None of these will be achieved by bombing civilians. The GOSL has paid heavily for hanging on to a CFA which has put the nation through another violent phase without ushering in the promised era of peace. The Tiger violence which lasted during the time of the CFA and the Tiger violence after it was abrogated establish clearly that the Tamil Tigers will continue with their violence unabated, with or without the CFA. In fact, violence increased from day two of signing the CFA in February 22, 2002. Besides, the Norwegian peace facilitators failed to bring the Tamil Tigers to the negotiating table and keep them long enough to work out a political solution acceptable to all communities.

Their second objective of diverting the forces away from the main battlefields will not succeed because the Security Forces have advanced significantly to stop when they are the gates of the Tigers. They are not going to stop to give the Tiger terrorists any breathing space.
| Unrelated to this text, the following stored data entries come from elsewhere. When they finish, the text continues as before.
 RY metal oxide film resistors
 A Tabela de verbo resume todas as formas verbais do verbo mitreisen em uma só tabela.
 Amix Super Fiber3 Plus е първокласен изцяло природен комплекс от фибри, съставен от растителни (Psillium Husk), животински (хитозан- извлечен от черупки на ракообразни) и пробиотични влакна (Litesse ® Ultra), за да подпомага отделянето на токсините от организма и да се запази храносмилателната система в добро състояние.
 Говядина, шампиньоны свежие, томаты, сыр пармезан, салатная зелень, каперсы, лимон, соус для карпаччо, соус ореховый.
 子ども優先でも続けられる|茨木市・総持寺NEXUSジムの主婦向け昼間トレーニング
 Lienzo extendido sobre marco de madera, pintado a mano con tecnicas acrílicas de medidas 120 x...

The military strategists are pushing ahead according to their pre-planned road map to Killinochchi.

Finally, if the bombs are meant to impress their military might on the international community it can be said without fear of contradiction that the Tigers have wasted their explosives in achieving just the opposite. The world-wide condemnation of the bombing which "bears all the hallmarks of the Liberation Tigers of Tamil Eelam", (American Embassy in Colombo), should convey the clear message to the Tigers that they cannot win and influence the international community with bombs. If anything, Tiger bombs should convince the world at large that the GOSL was right in abrogating the CFA to face the Tiger violence head-on without going through the charade of a non-existent CFA.
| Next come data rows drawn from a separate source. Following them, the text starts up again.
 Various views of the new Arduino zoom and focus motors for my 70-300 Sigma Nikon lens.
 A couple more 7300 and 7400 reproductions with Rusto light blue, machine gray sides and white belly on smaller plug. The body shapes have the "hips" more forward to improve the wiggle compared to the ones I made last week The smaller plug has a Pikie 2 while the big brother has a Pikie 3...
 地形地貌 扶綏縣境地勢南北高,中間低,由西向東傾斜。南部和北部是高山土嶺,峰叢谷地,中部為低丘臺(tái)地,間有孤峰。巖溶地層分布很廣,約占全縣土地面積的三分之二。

The predictable cycles of violence also point to the utter bankruptcy of the Tigers: they never had any viable policy outside violence and they continue to believe that their terror tactic can win them their elusive goals. Neither their history of violence nor the current international and national political realities indicate that they have any future in pursuing violence. As in the past, violence can only lead to (1) decimation of the Tamils; (2) increasing the suffering of the Tamils; (3) further isolation from the international community; (4) increase in war crimes and crimes against humanity; (5) strengthening the hands of the GOSL to wipe out the Terroristan; (6) weakening the lobbying power of the Tamil diaspora; (7) further demonizing of the Tamil Tigers as the evil force in Sri Lanka politics that must be eliminated; and last but not the least (8) dragging the war into an extended period without any hope of gaining territory, victory or glory for the Tigers.

The increase in violence is a sure sign of Tiger desperation. Tiger violence has been accepted in the past because of some gains in territory, or in building up hopes for a future Eelam, or in proving their military superiority, or increasing its bargaining power with the GOSL. But the prevailing scenario does not hold out any promise for the Tigers to get back what it has lost. With every defeat it has lost face with the world at large and its own people. The Tigers are left with only two options: 1) resort to terror tactics violating international humanitarian law or (2) getting back to the negotiating table. They will not take to (2) but they will continue with (1). Hence the explosions in the urban areas.

Tigers left their tell-tale marks by exploding bombs on the last day of the CFA. But, predictably, they refused to accept responsibility. P. Nadesan, the new head of the Tiger Peace Secretariat, told BBC: “We are a conventional force. We will launch attacks on military targets but we will not target civilians." The Tigers have played this trick so many times that not even the Tigers believe it now. If, as stated by the new peace-maker, the Tiger are a conventional force targeting only military bases why are the civilians dying in buses and civilian centers?

On top of losing everything else the Tigers have lost credibility too. As the Tigers creep deeper into their holes in the Vanni the public should be prepared to hear more and more of these jokes from P. Nadesan.